Sanya
- Author: Oyin Olugbile
- Publisher: Masobe Books
- Publication date: December 2, 2022
- Pages: 400
- ISBN: 978-9-789-98791-7

= Sanya (novel) =

2022 book

Sanya (stylized as Sànyà) is a 2022 mythological fantasy novel and the 2025 winner of The Nigeria Prize for Literature. It is the debut novel by Nigerian author Oyin Olugbile, published by Masobe Books. The novel is a retelling of Yoruba mythology, reimagining the legacy of the male deity Ṣàngó through a powerful female protagonist.

== Synopsis ==
The story follows the journey of Sànyà and her sickly older brother, Dada. Born into a royal lineage with a prophecy of a great warrior who will either save or destroy the world, Sànyà's parents die tragically, forcing the siblings to navigate a new life.

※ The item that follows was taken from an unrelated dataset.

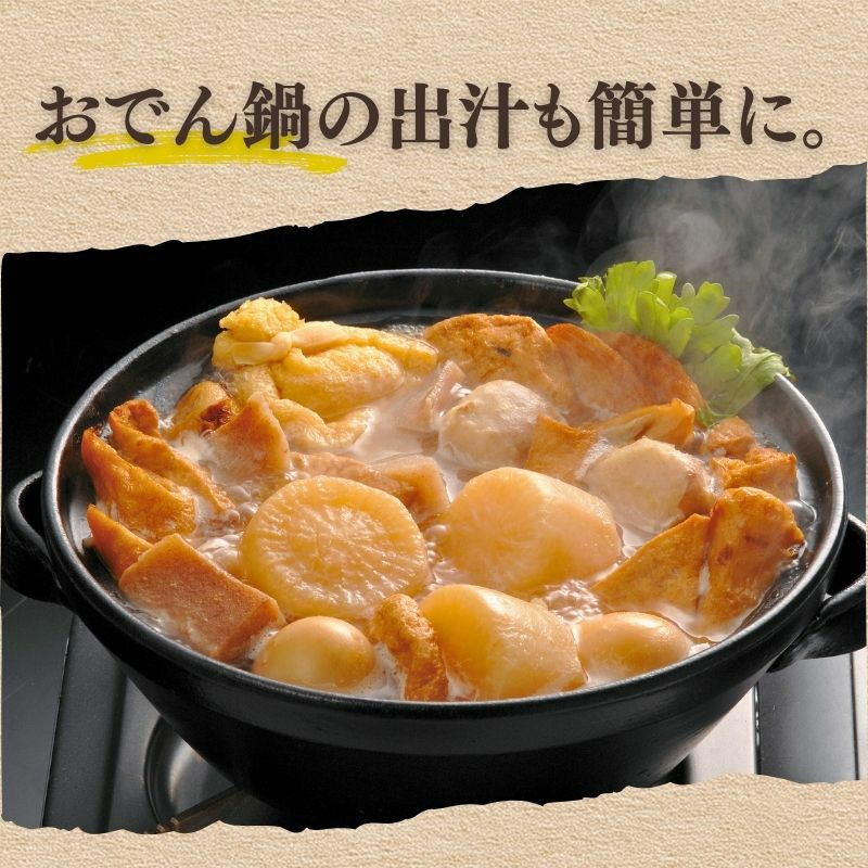 だしに求める味わいをバランスよくまとめ、毎日の味噌汁から煮物、麺つゆまで幅広く活躍。ひと手間かけたような“だし感”へ導きます。

Sànyà discovers her powers are linked to a dark prophecy she must fight to avoid. As the stronger of the two, she assumes the role of protector to her clairvoyant brother, challenging the patriarchal expectations of her society. Her attempts to forge a new identity ultimately trigger a devastating war that pits her against those she loves, including Dada, who transforms into a formidable Sorcerer King. The novel is described as a tragic epic exploring love, loss, and the corrupting nature of power.

== Recognition ==
Sànyà by Oyin Olugbile was announced as the winner of the $100,000 prize for the prose fiction cycle on October 10, 2025, beating international bestselling authors Chigozie Obioma and Nikki May on the shortlist. The advisory board, led by Professor Akachi Adimora-Ezeigbo, commended Olugbile's "distinct and daring" approach to mythology retelling and the novel's plotting and characterisation. The novel blends traditional Yoruba culture with modern fantasy, drawing comparisons to the work of Tomi Adeyemi and Nnedi Okorafor.